Call it a perverse fascination with consumer culture if you like. I prefer to think of it as a genuine interest in the ceaseless ways that the marketplace finds to represent the Bible to those who have the money to pay for it. The charismatics get Spirit-filled study Bibles, the tree huggers get their Green Bibles, gun-toting survivalists get the Sportsman’s Bible, scuba divers have the Waterproof Bible, preteen girls get the Bethany Hamilton Soul Surfer Bible, young and spry defenders of the faith get the Apologetics Study Bible, new English speakers get the Good News Bible, old English speakers get the KJV Bible, traditional dispensationalists get the Old Scofield Study Bible, new Calvinists get the Reformation Study Bible, women get the Women’s Devotional Bible, real men get the Manual: The Bible for Men (incidentally, if a reader of the Sportsman Bible fought a reader of Manual: The Bible for Men, who would win?!), teenagers get the Teen Life Application Study Bible, and believe it or not, porn stars get the Jesus Loves Porn Stars Bible (don’t worry, the link just takes you to Amazon.com, and the Bible is a version of Eugene Peterson’s The Message!).
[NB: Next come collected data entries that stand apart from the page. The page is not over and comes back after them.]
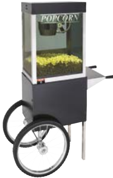
Black Two-Wheel Wagon
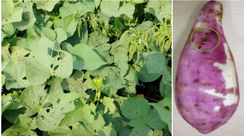
Figure 6. Leaf & tuber damage caused by sweet potato weevil

taken from a 2 \times 2 \text{ m}^2 area. The maize crop from maize + sweet potato intercropping can be harvested first during the last week of September (Figure 7). Maize plants can be left in the field for 3-4 days to allow for thorough drying before being shelled and threshed. Under rainfed conditions, a maize crop intercropped with a sweet potato can yield up to 3.0\text{-}3.5 \text{ t ha}^{-1} of grain and 4.0\text{-}4.6 \text{ t ha}^{-1} of straw.
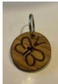
Round Butterfly keyring £2
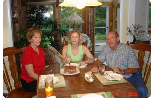
Our home in Palatine in '06
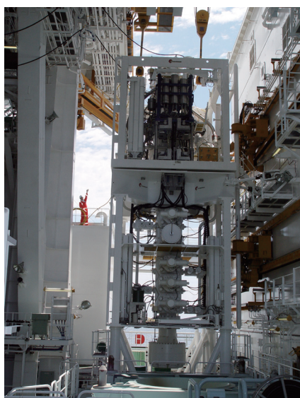
Figure 2. External view of Chikyu 's blow out preventer (BOP). BOP hangs from riser pipe attached to high-powered winches on ship's derrick and will be deployed onto seafloor through moonpool below drilling platform. Note person on left for scale.

Following completion of the drilling and laboratory tests off Shimokita Peninsula in the fall of 2006, D/V Chikyu will embark on an
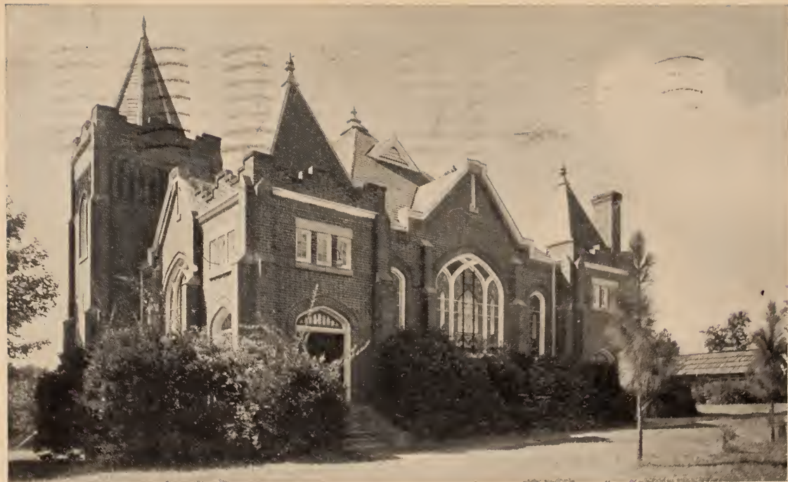
First Presbyterian Church, Carthage, North Carolina
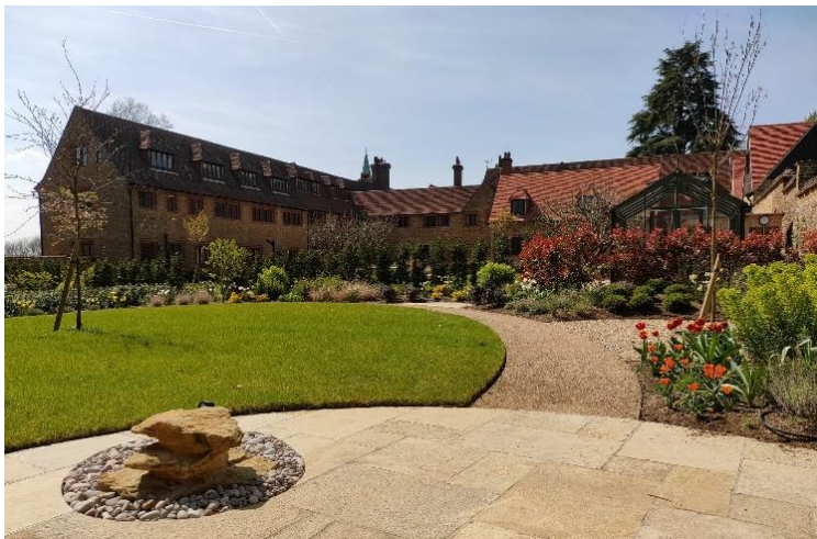
The Franciscan Centre

The Franciscan Centre Ladywell (FCL) has been created to allow people from all walks of life to be with God and engage closely with the Franciscan charism generally and as lived from the perspective of the Franciscan Missionaries of the Divine Motherhood. It offers a welcoming, prayerful and reflective space to invite guests to spend time with God. The Centre provides chapels, reading rooms, sitting rooms, dual purpose conference rooms, a shop for books and goods and a refreshment area.
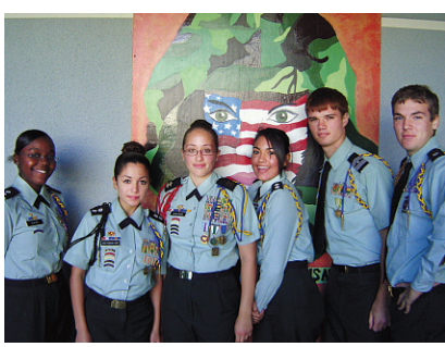
Everyday heroes— Bayshore's School of Health, Science and Public Service JROTC cadets in front of student-designed artwork.
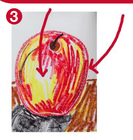
Color it in. It does not have to be perfect. In fact, it should not be perfect. Just use all the colors you see in the apple and leave small gaps between them.

Use some brown or little bit of black for the 'shadow' part of an apple.
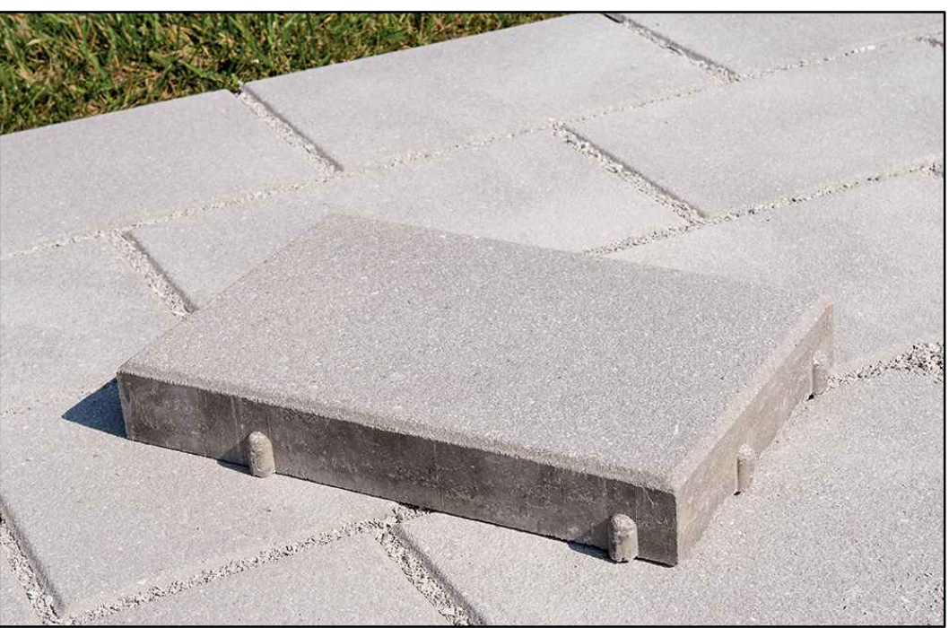
For Patio area, pavers to be hanover permeable 12" x 18" staggered as shown in plan. Final layout TBD
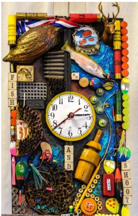
First Place 3D: "Sports Clock", mixed media. Jody Farley
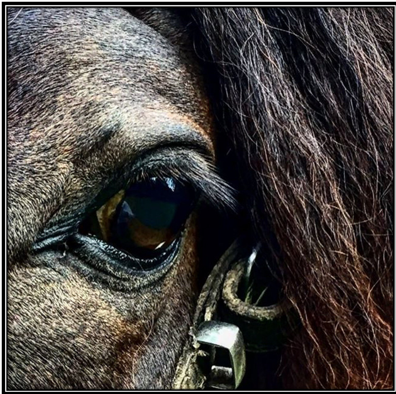
Armstrong Agriplex Armstrong, British Columbia
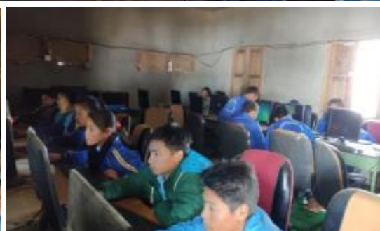
PHOTO: Owl conservation camps in various schools of Khotang district.
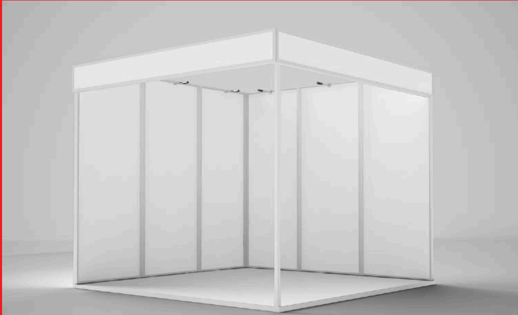
STANDARD SHELL SCHEME
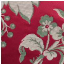
1501-02 LES ANANAS S&D 65-CRAMOISI
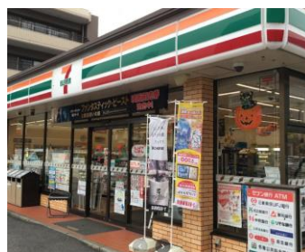
convenience store About a 4-minute walk
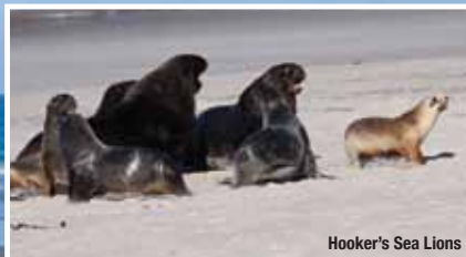
Hooker's Sea Lions
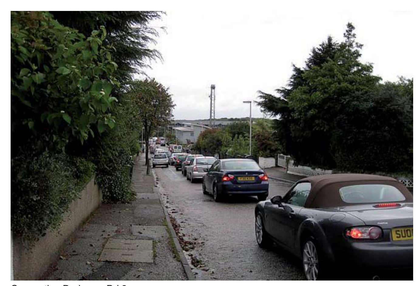
Congestion Redmoss Rd 2
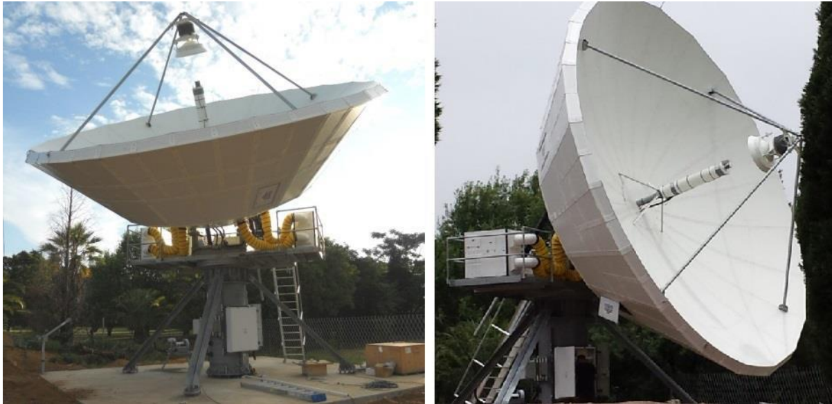
Figure 1-1: 9.4m Monopulse Antenna – Typical Installation

The following document presents additional Antenna Gain related information for the 9.4m Ka-Band antenna.

Most of these Bibles strike me as bald attempts to pander to a particular market segment (or imagined market segment). Some are okay, most are of dubious value. But none, I would submit, are as mind-numbingly bad as the Bibleman edition. Yeah, you read that right. Bibleman was a little known 1990s superhero who, sadly enough, was regularly beaten up by the Power Rangers. Even worse, one of the Teletubbies — Tinky-Winky — knocked Bibleman out cold at a children’s festival. Accounts of the incident vary, but most people agree that Bibleman accused Tinky-Winky of being a homosexual. Two seconds later Bibleman was laid out: he didn’t even see what hit him! (Incidentally, Tinky-Winky never denied being gay, a fact that Bibleman would eagerly recount to anybody who inquired about the incident.)
This Bibleman Bible pictured here is a pristine copy that I have in my collection of bad Bibles. This Bible has been out of print for years, and I think I know the reason why. It isn’t merely that Bibleman got beat up by the Power Rangers and Tinky-Winky. It’s also that the Bible contains the entire text of the New Testament, but with a marketing theme aimed at 2-3 year old boys. And I don’t know many three year olds who are up for putting on their purple Bibleman cape and then mulling over the mystery of grace and election in Romans or the dizzying visions of Revelation.
In short, the Bibleman Bible was a marketer’s answer to a question nobody asked. Come to think of it, that’s what Bibleman himself was as well.
And that’s enough to get my vote for worst Bible ever.